Around the corner I sat in a rear pew at St. Paul's. For what seemed like a long time I didn't even think.

I just sat there.

Then the thoughts started. No way to stop them, really.

I'd been drunk the night before and hadn't known it. I'd probably been drunk fairly early in the day.

There were patches in Brooklyn that I couldn't remember clearly, and I didn't seem to have any recollection of the subway ride back to Manhattan. For that matter, I couldn't be sure I'd ridden the subway. I might have taken a cab.

I remembered talking to myself in a Brooklyn bar. I must have been drunk then. I didn't tend to talk to myself when I was sober.

Not yet, anyway.

All right, I could live with all that. I drank too goddamn much, and when you do that with consistency there are going to be times when you get drunk without wanting to. This wasn't the first time and I didn't suspect it would be the last. It came with the territory.

But I'd been drunk when I was playing Hero Cop on Ninth Avenue, drunk with the booze for high-octane fuel. My street-smart instincts that warned me about a mugging were less a source of pride the morning after.

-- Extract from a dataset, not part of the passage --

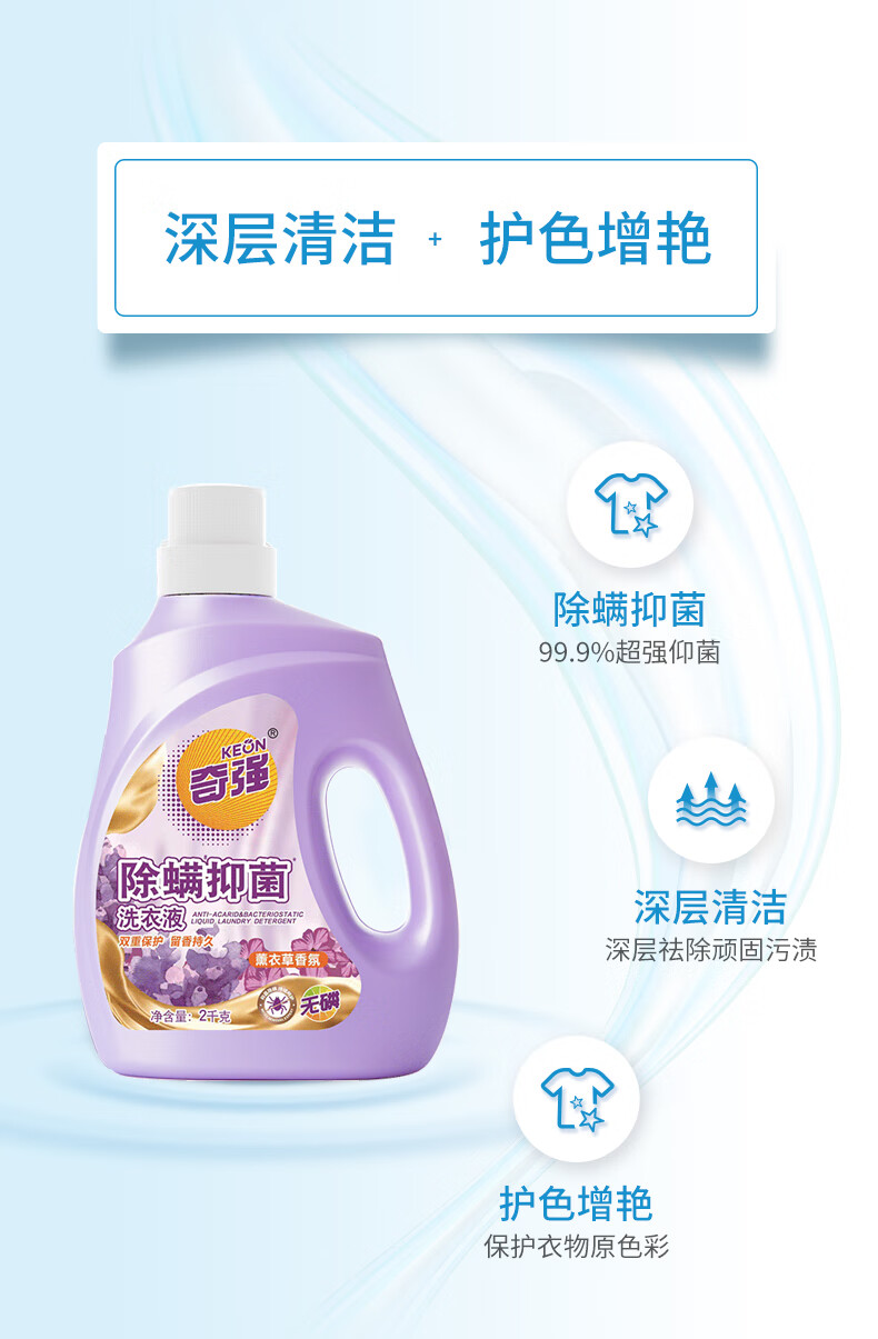 奇强(keon)8斤装除菌除螨洗衣液中性温和护衣薰衣草香氛持久留香整箱批发

Maybe he just wanted a match.

My gorge rose at the thought and I tasted bile at the back of my throat. Maybe he was just another kid from Woodside having himself a night on the town. Maybe he'd been a mugger only in my mind, my drunken mind. Maybe I'd beaten him and robbed him for no good reason at all.

But he'd asked for a match when he had a working lighter.

So? That was an icebreaker as old as tobacco. Ask for a match, strike up a conversation. He could have been a male hustler. He would hardly have been the first gay man to put on a bomber jacket.